However, any possible value derived from a belief comes at a heavy price: . Mental blinders to new experiences, and susceptible to manipulation by "leaders" of the belief.

This agrees whole heartedly with the general semantics notion of "extensional orientation" and constant flux as well as with the precept of extrapolator training cited by Mark Clifton,

"But answers also carry in themselves their commands and their penalties. The penalty being that when one thinks one has the answer, he stops looking for it. The command being that he must conduct himself in accord with the answer. (Eight Keys to Eden)

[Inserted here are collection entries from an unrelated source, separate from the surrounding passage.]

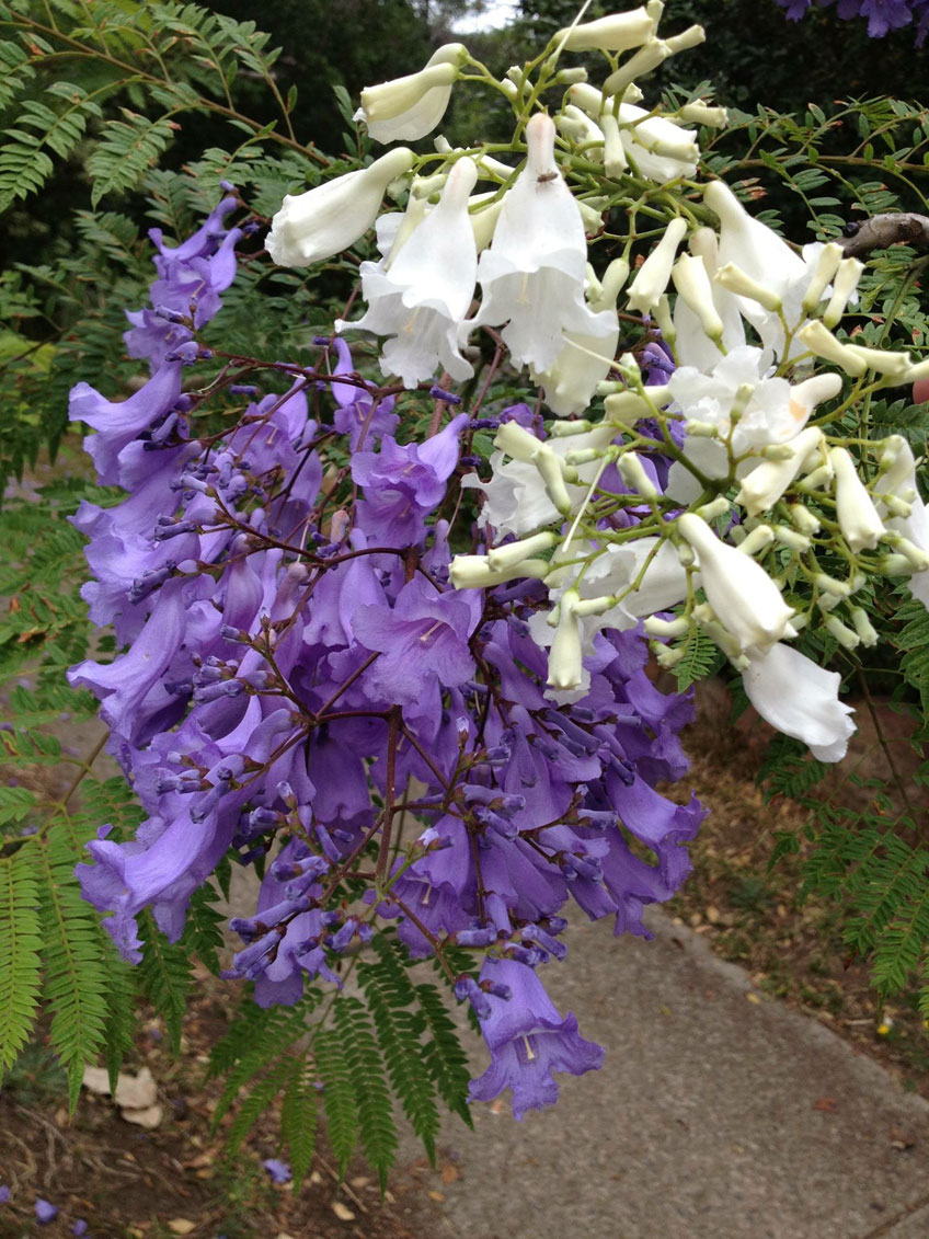 Where there is room, a match-up of purple and the rare white jacaranda make a dazzling duet.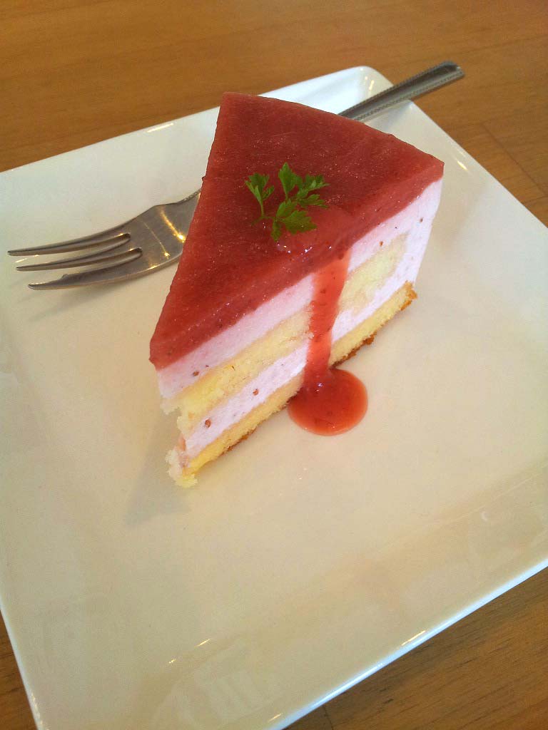 苺の酸っぱさが爽やかで、食感もプルンと涼しげなムースケーキ。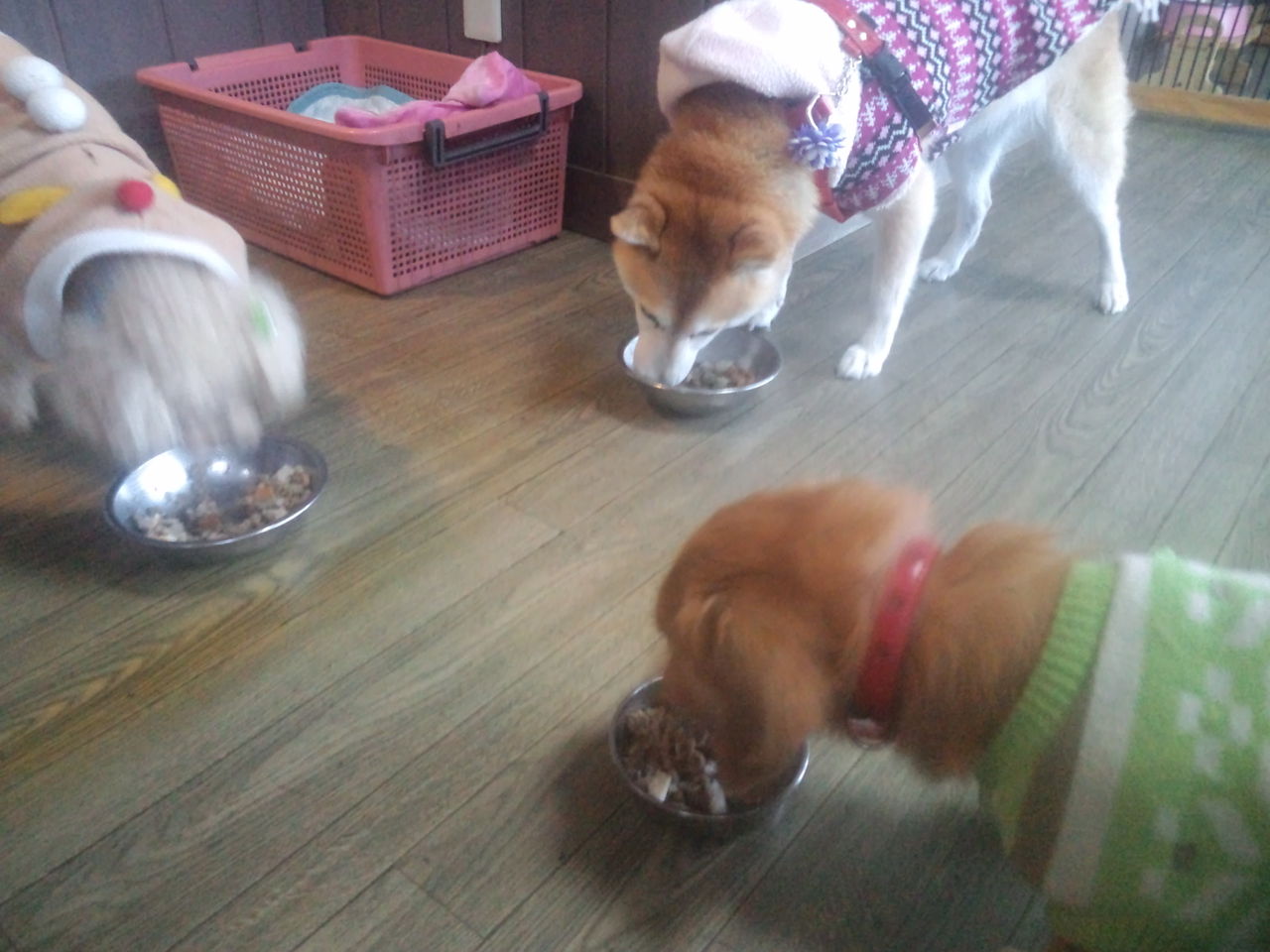 長期預かりゴールデンジョジョ君と小太郎君、しっかり完食しました。柴ジロー君、ジャーキーだけ選んで食べました。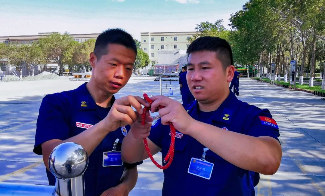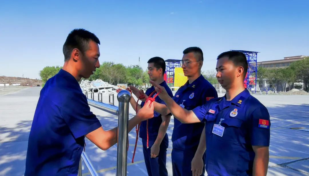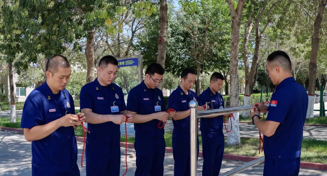 在训练过程中,教练员按照先理论、后技能的训练步骤,采取集中授课、现场讲解、示范教学、分组训练和评比竞赛等方式进行。重点围绕绳结制作、身体结索、物体结索等绳索救援基础技术进行学习组训。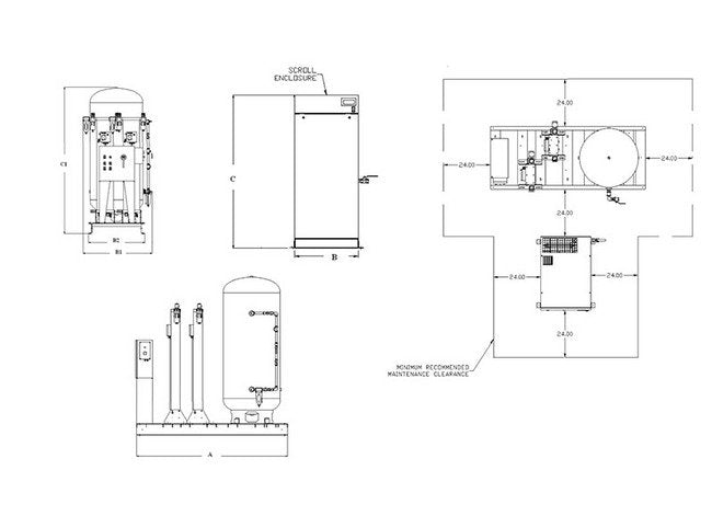 Each system is completely tested before shipment and includes: Multiple oil-less scroll air compressors and associated equipment Corrosion resistant air receiver Desiccant air dryers with purge control Control panel Dew point monitor System installation requirements:1. Main power connection to master control panel2. Interconnecting power wiring between master panel, each compressor unit, and tank/dryer skid3. Control signal wiring between master panel and each compressor unit4. Remote inlet air connection to each module - minimum 1.5" NPTF5. Interconnecting plumbing connections between each compressor and tank/dryer skid

So, what is the right balance between faith (in what) and doubt (in what), when, for day-to-day details as well as for the really big questions?

Supplement:

Quantification in logic discourse...
  1. Let direct observation be represented by O(xi).
    Let Knowing xi be represented by K(xi).
    If O(xi).then K(xi). 
  2. Let a reasoning step be represented by r(x1,x2).
    Let O(r(x1,x2)) represent seeing that x2 follows from x1.
    Let a reasoning chain be represented by r(x1,...,xn)
    Let remembering such a chain be represented by M(r(...)).
    If O(r(x1,x2)) and K(x1) then K(x2).
    If M(O(r(x1,x2))) and M(O(r(x2,x3))) then M(r(x1, ... x3)) 
    (Note: We observe directly the validity of a single step, but we only remember having gone through a sequence of steps).
    If M(r(x1...xn-1)), and O(r(xn-1,xn)), then K(xn).
  3. Let an "authority" be represented by Ai.
    "If Ai(x1) then K(x1)" represents knowledge by authority. (If an authority asserts xi then I know xi.)

For religion:

  • K(x1) if Ai(x1), and Ai(x1) if Ai-1(x1), . . . where presumably A1=  God is the "first cause" answer to infinite regress.
  • Authority is taken as primary.  We are expected to take the word of Authority without question.

For science:

  • Ai(x1) if there exist Ai-1(x1) (if there is an immediate prior authority).
  • Ai(x1) if there exist j such that Ai-1(x1), Ai-2(x1), ... Ai-j(x1) where j is finite.
  • Ai(x1) if  K(xn)  - Some authority has knowledge
  • A(xn) if O(xn)  - Some authority has direct knowledge 
  • A(xn) If there exists x1...xn such that  M(r(x1...xn-1)), and O(r(x1n-1,xn)) - some authority has reasoned knowledge
  • Reasoned knowledge is always based on initial observations - which we call empiricism.